Supplied data:

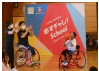
第四小学校の車いす バスケットボール体験
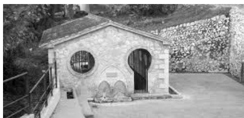
De Font de Baix is een van de vele bronnen in Orba, tegelijk een wasplaats, die werd gebouwd in 1904.

Hier draaien we naar links en nu moeten we deze weg helemaal verder lopen, ongeveer 1 kilometer lang, alle zijwegen negerend. Eerst lopen we nog een klein stuk door de straat van een urbanisatie, de Carrer Passera (8), daarna passeren we het sportcomplex (9) en dan komen we bij de rijweg CV-715 (10), die we oversteken om weer bij ons vertrekpunt te komen. We passeren de oude wasplaats bij de Font de Baix en begeven ons dan omhoog naar de kerk, waar we de tocht begonnen zijn.
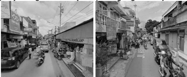
Gambar 4. Jalan Kauman

Penggunaan lahan di Kampung Kauman mendapatkan pengaruh dari perubahan serta perkembangan kawasan perkotaan yang terjadi secara signifikan. Hal ini dapat diketahui dengan adanya perubahan yang terjadi dalam hal guna lahan atau perubahan fungsi pada bangunan-bangunan di kawasan kampung Kauman. Kampung Kauman adalah lokasi yang sangat strategis, dikarenakan jarak yang tidak jauh dari tempat pusat perdagangan, jasa, dan perkantoran lingkup kota maupun regional. Penggunaan lahan pada kawasan ini terus mengalami perkembangan, hal itu berpengaruh pada aktivitas-aktivitas di yang ada didalamnya. Perubahan penggunaan lahan yang terjadi berfungsi guna mendukung aktivitas penyokong kawasan yaitu perdagangan dan jasa.
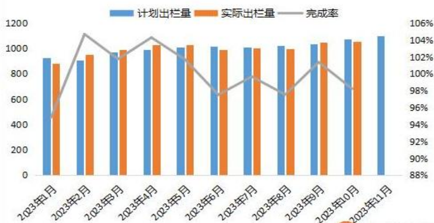
图 3：2023 年养殖企业生猪出栏量情况
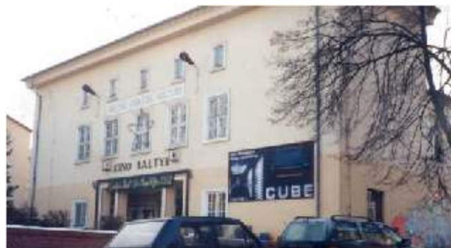
Budynek kina „Bałtyk” - lata 90-te XX wieku

Zmiany w polityce lokalnej, nowe potrzeby i wyzwania sprawiły, że w 1999 roku ówczesne władze miasta podzieliły Rypiński Ośrodek Kultury na trzy odrębne i samodzielne instytucje: Muzeum Ziemi Dobrzyńskiej, Miejską Bibliotekę Publiczną oraz Miejski Ośrodek Kultury wraz z kinem „Bałtyk”, a rok później zdecydowano o zmianie lokalizacji z budynku przy ul. Kościuszki 10 zwanego „Katolikiem” na budynek kina „Bałtyk” przy ul. Warszawskiej 8, gdzie do dziś funkcjonuje RDK. W związku z dynamicznym rozwojem, jaki przechodził dom kultury rok po roku starano się adaptować kolejne pomieszczenia kina do prowadzenia działalności kulturalnej. Powstały tu: pracownia plastyczna, sala prób, pomieszczenia instruktorskie i administracyjne, kameralna sala konferencyjna „Muza”, a także w 2012 r. Studio Nagrań. W roku 2009 roku została wykonana termomodernizacja elewacji budynku oraz przeprowadzono remont pomieszczeń administracyjnych i pracowni instruktorskich. Hole kinowe stały się swoistą galerią, gdzie prezentowano konkursowe prace plastyczne dzieci i młodzieży. Sala kinowa, która także pełniła rolę widowiskowej została odświeżona wraz z przyległymi do niej garderobami, wymieniono fotele dzięki dotacji z MKiDN.
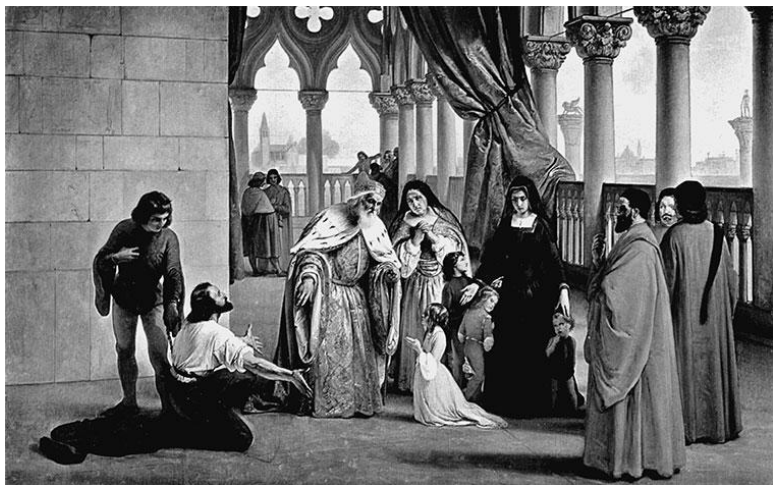
Дож Франческо Фоскари. Художник Франческо Айец

В 1796 г. вторжение войск Наполеона Бонапарта в пределы Венецианской республики ознаменовало ее крах. В 1797 г. Большой совет объявляет об упразднении Венецианской республики. Солдаты наполеоновской армии хозяйничают в городе, многие ценности перевозятся во Францию. Однако осенью этого же года Франция уступает город и всю провинцию Австрии. Венеция навсегда теряет свою независимость, а ее Арсенал, некогда крупнейший в мире центр судостроения, приходит в упадок и используется лишь для ремонта кораблей.
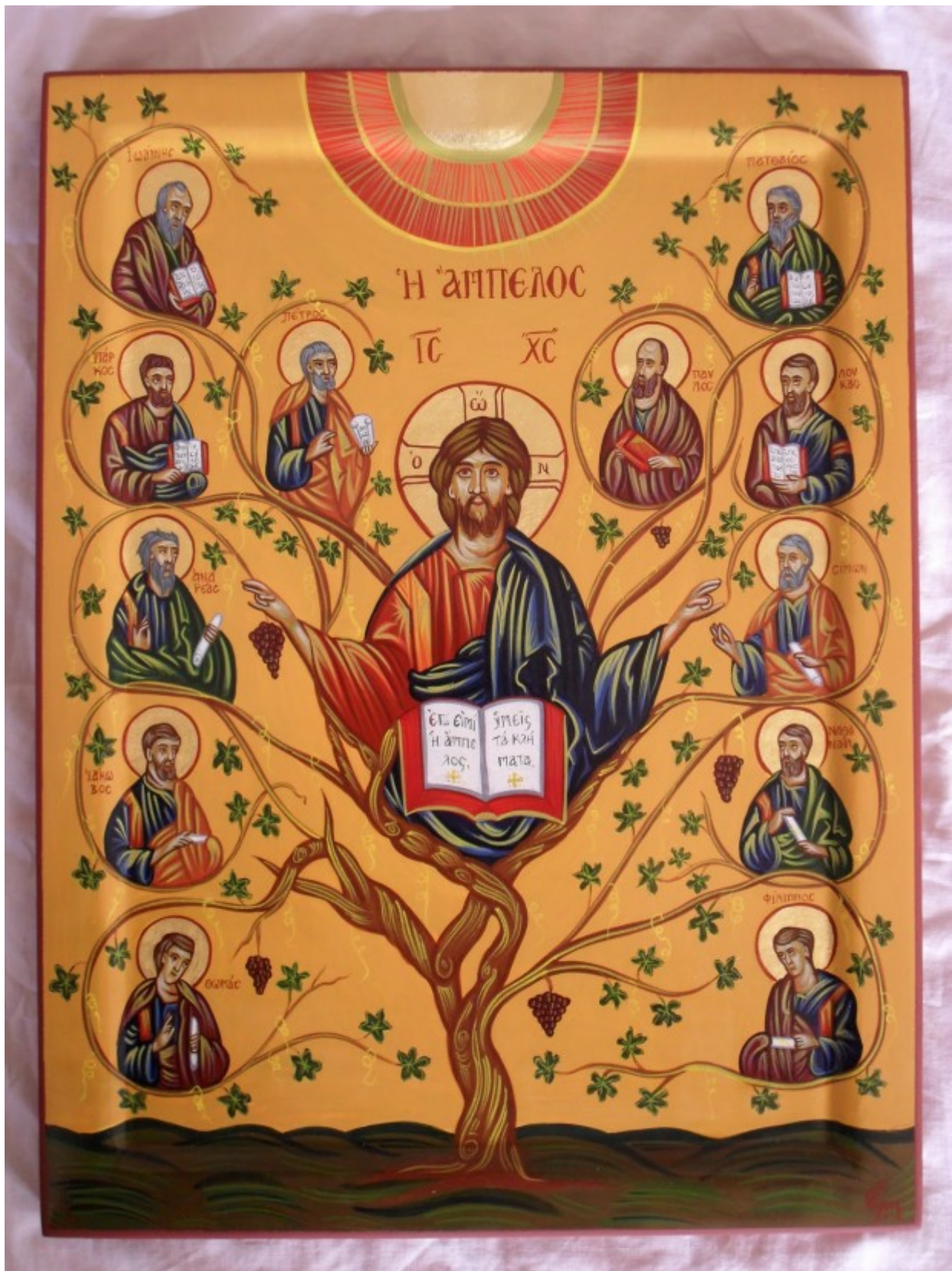
Οι Άγιοι Δώδεκα Απόστολοι
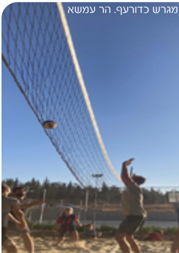
מגרש כדורעף. הר עמשא
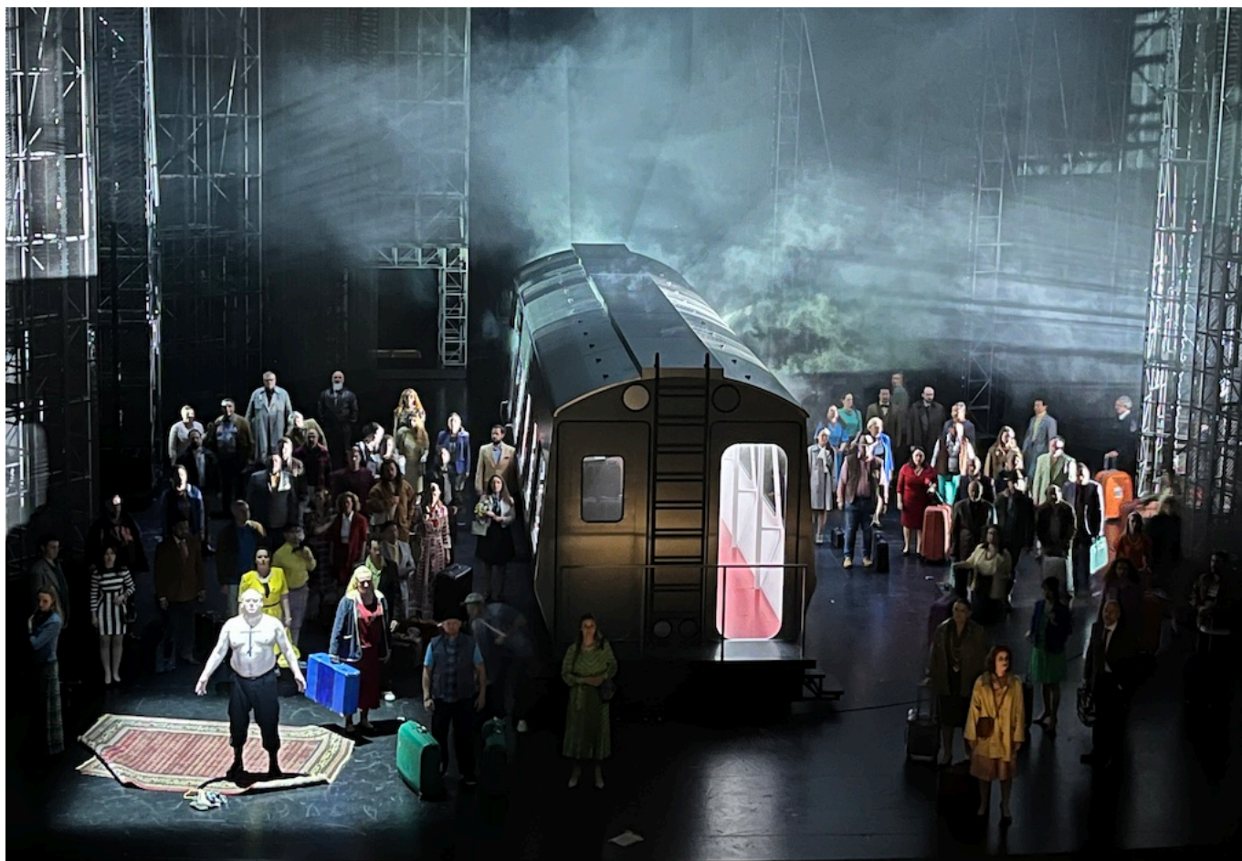
Финал оперы "Хованщина".

Не думаем, что эта постановка войдет в число «нетленок». А вот сама опера вовсе не утратила актуальности. Очень жаль, что авторы спектакля не уделили большего внимания работе солистов и артистов хора с текстом, имеющим огромное значение. Но русскоязычный зритель наверняка разберет обращенные к толпе слова Хованского «Дети, дети мои! Москва и Русь (спаси Бог!) в погроме великом...», и «считает» упрек Голицына Хованскому «Мы теперь местов лишились, Ты же сам нас уладил, князь, с холопьем поровнял», и стенания Шакловитого, оплакивающего участь Руси («Спит стрелецкое гнездо, спи, русский люд, враг не дремлет»), и предупреждение «Литва проснулась!», и констатацию Иваном Хованским «и так уж на Руси великой не весело, не радостно живётся», и растерянность «пришлого люда», наблюдающего в финале за тем, как горят основные персонажи «Ох ты, родная матушка Русь... Кто же теперь тебя, родимую утешит, успокоит?..» Этот последний вопрос остается открытым. И нужно ли что-то добавлять к контексту?
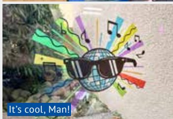
It's cool, Man!
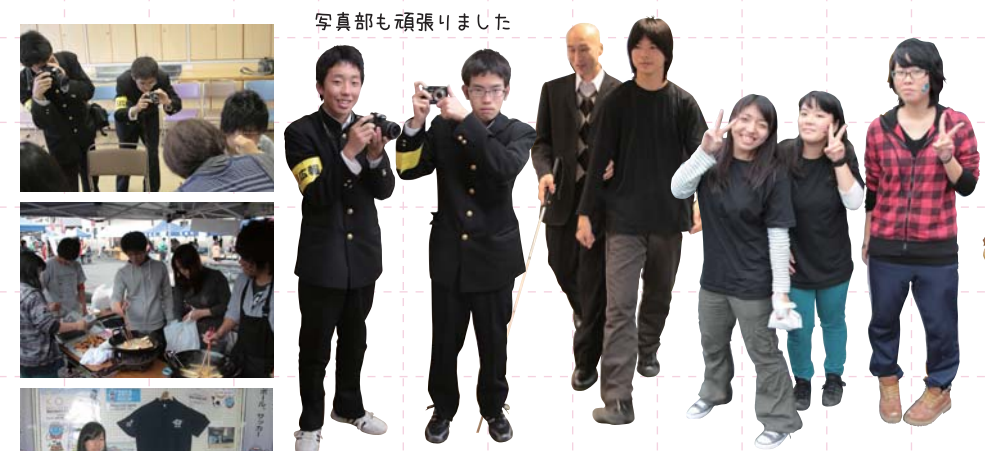
写真部も頑張りました

11月23日(金・祝)のいちふれあいセンターで開催された「香南ふれあい祭り」に、生徒19人がボランティアとして参加しました。テントの設営やスタンプラリーの受付など、イベント運営に協力。また、校内の農園で収穫したサツマイモを使った大学芋の販売を行い、お客さんに大好評でした。
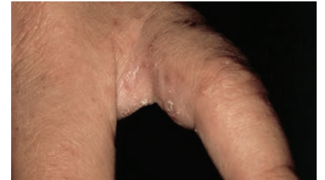
Gambar 2. Skabies: Terowongan (kunikulus) pada sela jari. Papul dan terowongan terdapat pada sela-sela jari tangan. Terowongan berwarna putih, berupa garis lurus, dengan vesikel atau papul di ujung terowongan

Pasien penderita infeksi skabies, juga lebih mudah mengalami infeksi sekunder bakteri. 7

Exercise goal:
Look over the listing above and copy each line that contains "Kauman".

Answer:
Gambar 4. Jalan Kauman
Penggunaan lahan di Kampung Kauman mendapatkan pengaruh dari perubahan serta perkembangan kawasan perkotaan yang terjadi secara signifikan. Hal ini dapat diketahui dengan adanya perubahan yang terjadi dalam hal guna lahan atau perubahan fungsi pada bangunan-bangunan di kawasan kampung Kauman. Kampung Kauman adalah lokasi yang sangat strategis, dikarenakan jarak yang tidak jauh dari tempat pusat perdagangan, jasa, dan perkantoran lingkup kota maupun regional. Penggunaan lahan pada kawasan ini terus mengalami perkembangan, hal itu berpengaruh pada aktivitas-aktivitas di yang ada didalamnya. Perubahan penggunaan lahan yang terjadi berfungsi guna mendukung aktivitas penyokong kawasan yaitu perdagangan dan jasa.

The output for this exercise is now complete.